> _What needs to be done_
Range to repeat from the listing below: the line containing "Emily In Paris" down to the line containing "スウェット スエット トレーナー", both included. Copy it exactly, pictures excluded, and add nothing else.

> _Records shown_
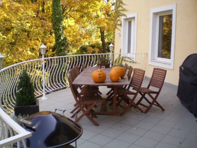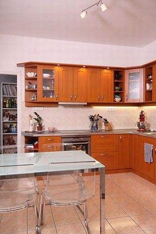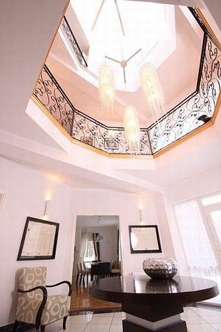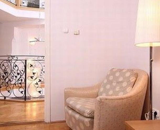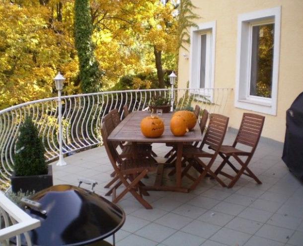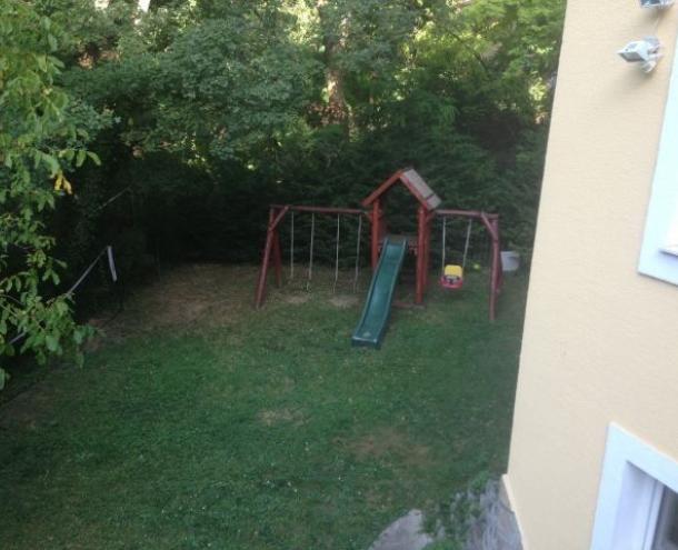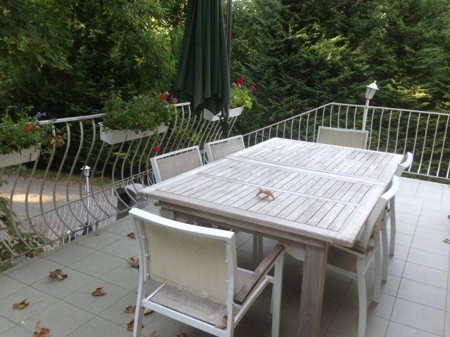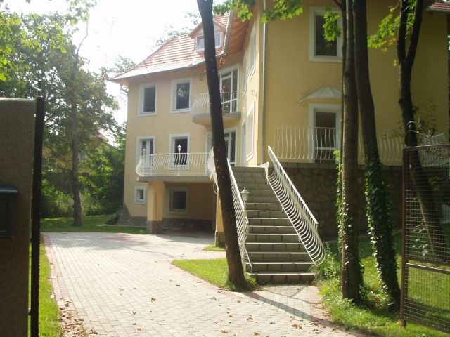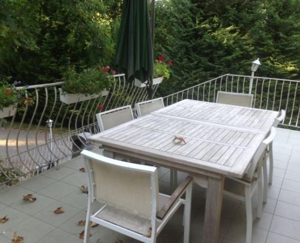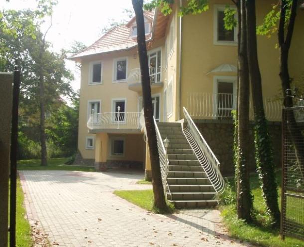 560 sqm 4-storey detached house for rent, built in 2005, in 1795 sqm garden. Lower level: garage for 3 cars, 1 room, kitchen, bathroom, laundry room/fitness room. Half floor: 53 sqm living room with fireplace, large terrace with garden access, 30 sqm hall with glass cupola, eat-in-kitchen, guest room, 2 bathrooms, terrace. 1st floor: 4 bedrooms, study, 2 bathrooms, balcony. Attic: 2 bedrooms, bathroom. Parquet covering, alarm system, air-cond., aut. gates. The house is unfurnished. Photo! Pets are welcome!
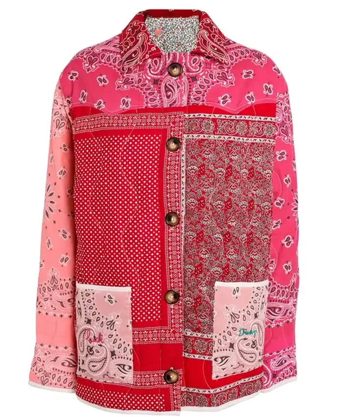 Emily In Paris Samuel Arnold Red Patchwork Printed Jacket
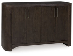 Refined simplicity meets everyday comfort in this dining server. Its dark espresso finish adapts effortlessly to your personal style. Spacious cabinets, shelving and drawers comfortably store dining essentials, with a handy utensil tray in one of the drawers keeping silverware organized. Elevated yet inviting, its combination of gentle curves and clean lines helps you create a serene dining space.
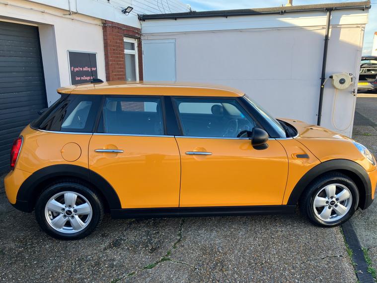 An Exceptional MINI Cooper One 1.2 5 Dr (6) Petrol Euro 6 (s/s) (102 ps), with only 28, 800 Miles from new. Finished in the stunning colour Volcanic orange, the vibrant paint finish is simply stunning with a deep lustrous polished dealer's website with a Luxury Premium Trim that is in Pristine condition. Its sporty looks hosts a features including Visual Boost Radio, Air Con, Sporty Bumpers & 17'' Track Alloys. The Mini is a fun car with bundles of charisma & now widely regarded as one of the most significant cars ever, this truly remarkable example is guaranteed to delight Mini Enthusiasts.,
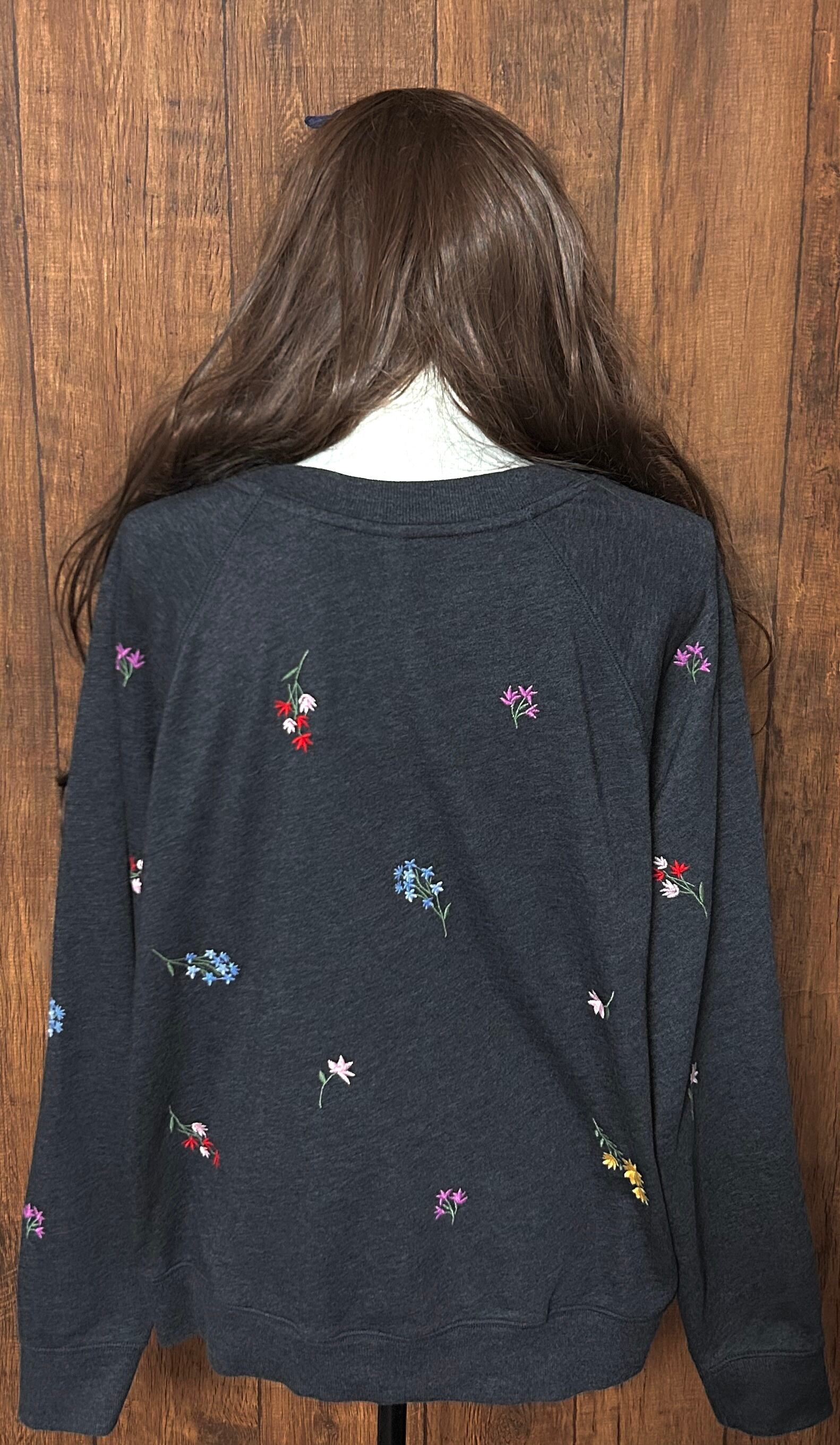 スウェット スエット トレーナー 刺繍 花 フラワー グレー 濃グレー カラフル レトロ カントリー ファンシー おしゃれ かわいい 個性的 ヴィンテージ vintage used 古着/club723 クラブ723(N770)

...

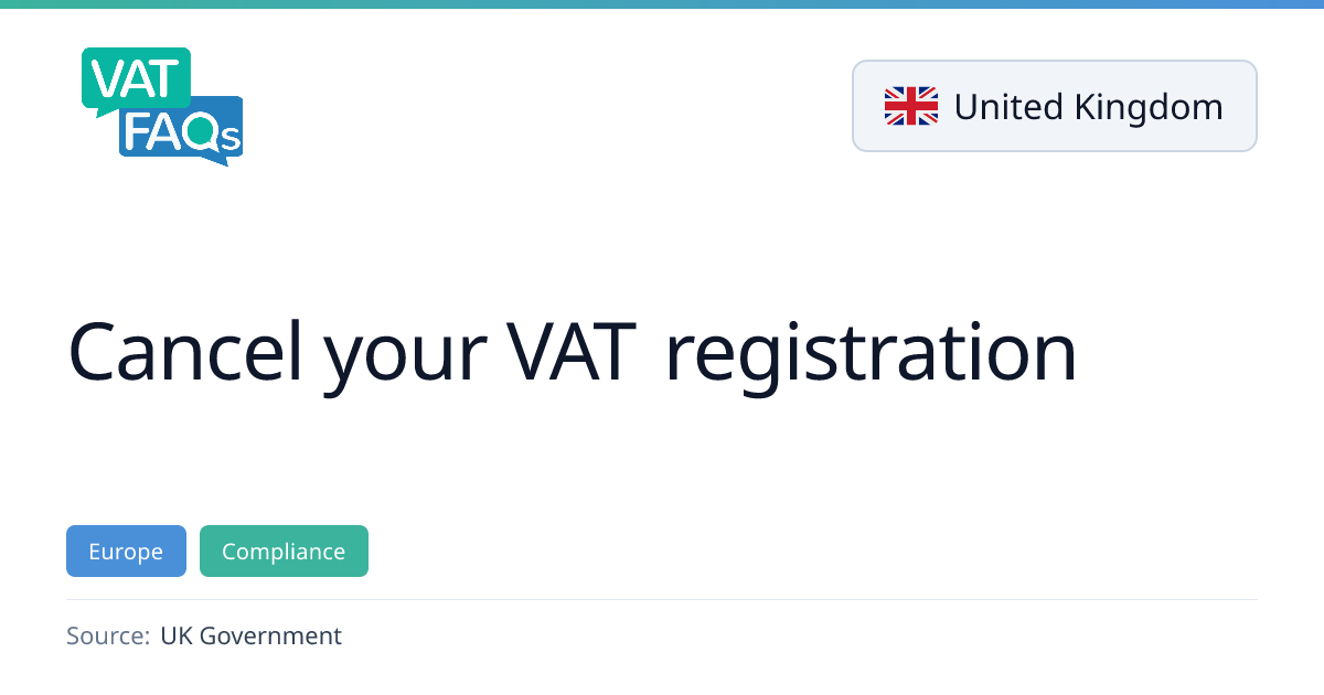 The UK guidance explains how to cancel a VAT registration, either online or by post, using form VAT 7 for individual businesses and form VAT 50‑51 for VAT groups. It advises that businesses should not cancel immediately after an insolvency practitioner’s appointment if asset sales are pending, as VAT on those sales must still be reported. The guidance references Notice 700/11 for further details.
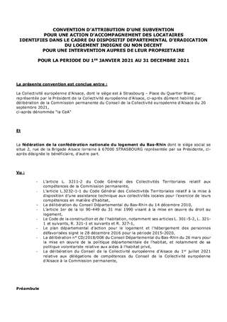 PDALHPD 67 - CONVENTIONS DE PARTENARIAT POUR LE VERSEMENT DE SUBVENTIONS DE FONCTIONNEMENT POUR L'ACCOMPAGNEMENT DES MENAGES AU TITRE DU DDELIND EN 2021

> _Answer for this exercise_
 Emily In Paris Samuel Arnold Red Patchwork Printed Jacket
 Refined simplicity meets everyday comfort in this dining server. Its dark espresso finish adapts effortlessly to your personal style. Spacious cabinets, shelving and drawers comfortably store dining essentials, with a handy utensil tray in one of the drawers keeping silverware organized. Elevated yet inviting, its combination of gentle curves and clean lines helps you create a serene dining space.
 An Exceptional MINI Cooper One 1.2 5 Dr (6) Petrol Euro 6 (s/s) (102 ps), with only 28, 800 Miles from new. Finished in the stunning colour Volcanic orange, the vibrant paint finish is simply stunning with a deep lustrous polished dealer's website with a Luxury Premium Trim that is in Pristine condition. Its sporty looks hosts a features including Visual Boost Radio, Air Con, Sporty Bumpers & 17'' Track Alloys. The Mini is a fun car with bundles of charisma & now widely regarded as one of the most significant cars ever, this truly remarkable example is guaranteed to delight Mini Enthusiasts.,
 スウェット スエット トレーナー 刺繍 花 フラワー グレー 濃グレー カラフル レトロ カントリー ファンシー おしゃれ かわいい 個性的 ヴィンテージ vintage used 古着/club723 クラブ723(N770)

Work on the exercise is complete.